*** Data for processing Section Begins ***

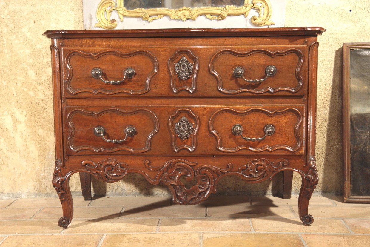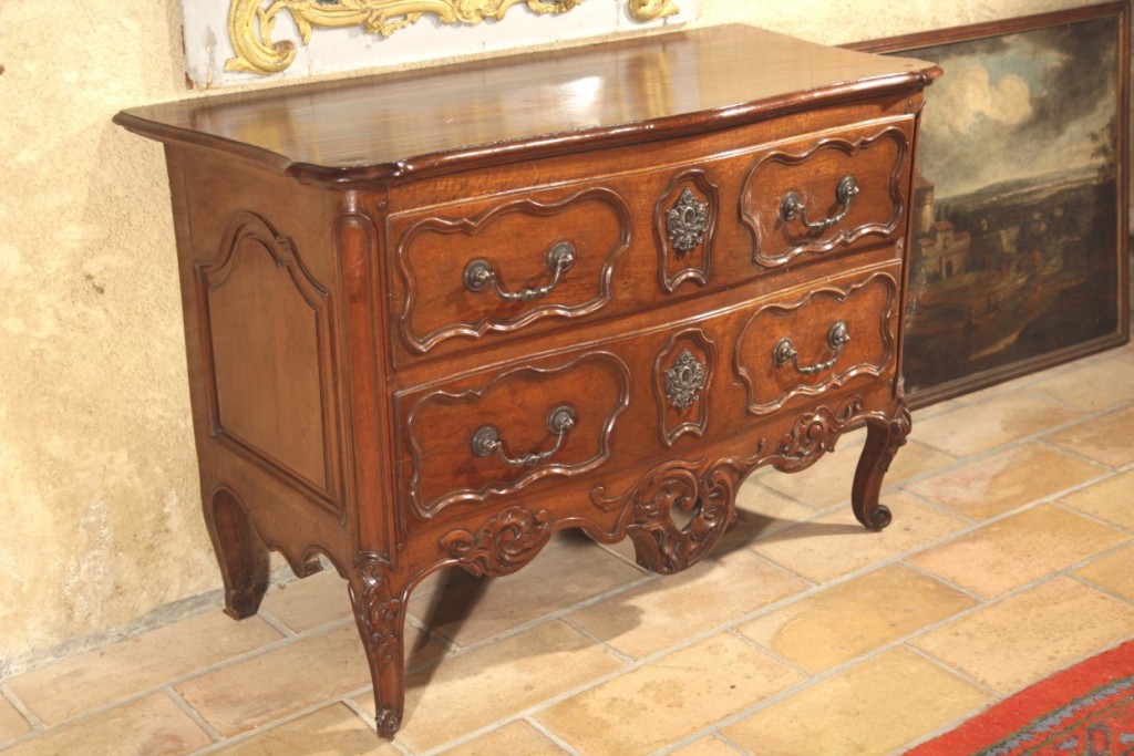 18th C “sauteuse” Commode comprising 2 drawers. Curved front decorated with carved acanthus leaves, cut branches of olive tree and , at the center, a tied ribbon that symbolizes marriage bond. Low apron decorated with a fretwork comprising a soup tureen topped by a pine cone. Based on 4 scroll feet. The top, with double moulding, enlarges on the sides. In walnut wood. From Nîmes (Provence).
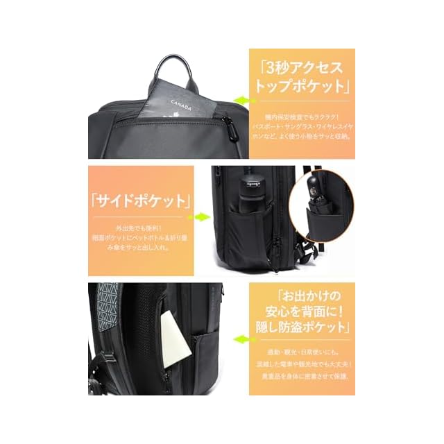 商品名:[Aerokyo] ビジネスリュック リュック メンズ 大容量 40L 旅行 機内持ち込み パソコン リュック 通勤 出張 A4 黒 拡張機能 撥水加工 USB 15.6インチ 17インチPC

*** Data for processing Section Ends ***
*** Data for processing Section Begins ***

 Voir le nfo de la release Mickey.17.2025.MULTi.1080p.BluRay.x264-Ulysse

*** Data for processing Section Ends ***
*** Data for processing Section Begins ***

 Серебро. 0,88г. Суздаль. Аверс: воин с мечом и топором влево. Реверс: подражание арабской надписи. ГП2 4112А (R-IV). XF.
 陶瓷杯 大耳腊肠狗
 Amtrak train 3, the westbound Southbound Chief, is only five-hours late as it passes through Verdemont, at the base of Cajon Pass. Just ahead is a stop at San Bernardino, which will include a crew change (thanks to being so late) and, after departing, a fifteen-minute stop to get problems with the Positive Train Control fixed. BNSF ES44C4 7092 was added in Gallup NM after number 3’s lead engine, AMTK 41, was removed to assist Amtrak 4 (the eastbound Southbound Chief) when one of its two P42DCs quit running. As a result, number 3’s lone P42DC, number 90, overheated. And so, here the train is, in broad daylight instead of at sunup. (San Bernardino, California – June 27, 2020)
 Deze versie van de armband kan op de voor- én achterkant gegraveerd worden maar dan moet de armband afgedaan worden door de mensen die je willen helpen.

*** Data for processing Section Ends ***

Within the data above, the span starting at the line containing "Amtrak train 3, the" and ending at the line containing "Deze versie van" is to be retyped exactly, with no other lines.

§ Solution:
 Amtrak train 3, the westbound Southbound Chief, is only five-hours late as it passes through Verdemont, at the base of Cajon Pass. Just ahead is a stop at San Bernardino, which will include a crew change (thanks to being so late) and, after departing, a fifteen-minute stop to get problems with the Positive Train Control fixed. BNSF ES44C4 7092 was added in Gallup NM after number 3’s lead engine, AMTK 41, was removed to assist Amtrak 4 (the eastbound Southbound Chief) when one of its two P42DCs quit running. As a result, number 3’s lone P42DC, number 90, overheated. And so, here the train is, in broad daylight instead of at sunup. (San Bernardino, California – June 27, 2020)
 Deze versie van de armband kan op de voor- én achterkant gegraveerd worden maar dan moet de armband afgedaan worden door de mensen die je willen helpen.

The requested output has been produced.